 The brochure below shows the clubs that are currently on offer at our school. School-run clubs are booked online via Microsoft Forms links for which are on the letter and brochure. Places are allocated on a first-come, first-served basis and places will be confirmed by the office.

==

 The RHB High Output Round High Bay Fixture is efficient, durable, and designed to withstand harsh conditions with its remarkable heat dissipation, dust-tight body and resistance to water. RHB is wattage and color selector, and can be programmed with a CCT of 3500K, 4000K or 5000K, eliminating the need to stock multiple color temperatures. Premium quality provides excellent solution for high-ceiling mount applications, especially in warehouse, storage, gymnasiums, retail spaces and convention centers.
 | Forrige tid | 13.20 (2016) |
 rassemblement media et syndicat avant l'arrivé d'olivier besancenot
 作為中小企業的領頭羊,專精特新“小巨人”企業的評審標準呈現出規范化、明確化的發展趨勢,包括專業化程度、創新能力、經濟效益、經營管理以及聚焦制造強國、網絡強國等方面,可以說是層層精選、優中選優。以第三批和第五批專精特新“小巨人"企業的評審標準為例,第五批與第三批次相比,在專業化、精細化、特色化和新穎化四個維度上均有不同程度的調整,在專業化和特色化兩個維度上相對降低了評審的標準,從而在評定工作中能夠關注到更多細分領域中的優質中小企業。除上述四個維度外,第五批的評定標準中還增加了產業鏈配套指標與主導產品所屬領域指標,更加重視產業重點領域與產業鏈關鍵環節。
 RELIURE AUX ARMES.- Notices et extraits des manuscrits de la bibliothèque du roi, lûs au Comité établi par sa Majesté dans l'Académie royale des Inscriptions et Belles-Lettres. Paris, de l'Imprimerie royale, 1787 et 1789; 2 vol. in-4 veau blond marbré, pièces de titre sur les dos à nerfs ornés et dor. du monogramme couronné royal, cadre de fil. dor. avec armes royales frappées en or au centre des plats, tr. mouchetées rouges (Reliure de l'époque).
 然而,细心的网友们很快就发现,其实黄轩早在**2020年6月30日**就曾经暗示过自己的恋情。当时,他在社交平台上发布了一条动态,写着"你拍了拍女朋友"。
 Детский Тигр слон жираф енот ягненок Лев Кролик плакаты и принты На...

...

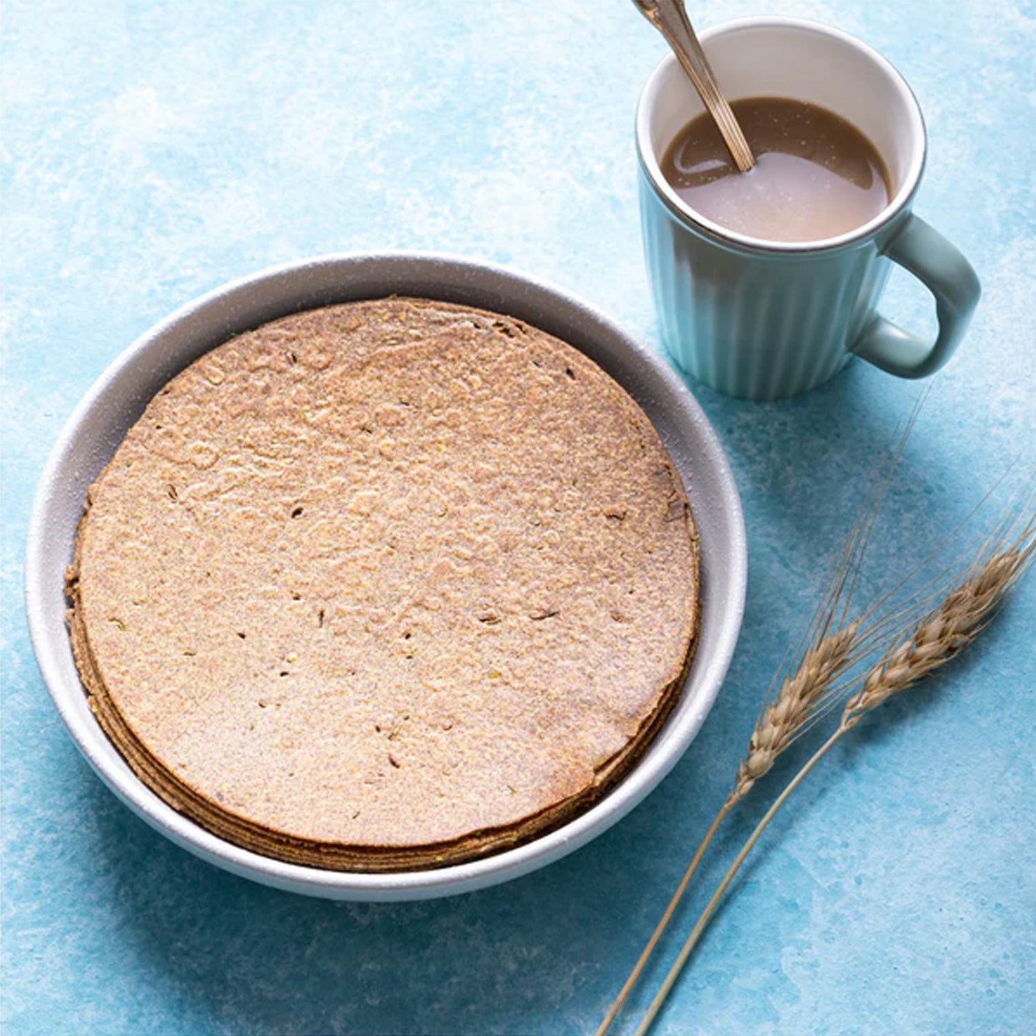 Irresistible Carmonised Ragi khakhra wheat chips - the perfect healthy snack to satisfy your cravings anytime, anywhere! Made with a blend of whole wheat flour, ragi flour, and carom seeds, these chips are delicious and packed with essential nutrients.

### Work request
Output only an exact transcription of the lines above from the one with "然而,细心的网友们很快就发现" up to and including the one with "Детский Тигр слон".

### Solution for this exercise
 然而,细心的网友们很快就发现,其实黄轩早在**2020年6月30日**就曾经暗示过自己的恋情。当时,他在社交平台上发布了一条动态,写着"你拍了拍女朋友"。
 Детский Тигр слон жираф енот ягненок Лев Кролик плакаты и принты На...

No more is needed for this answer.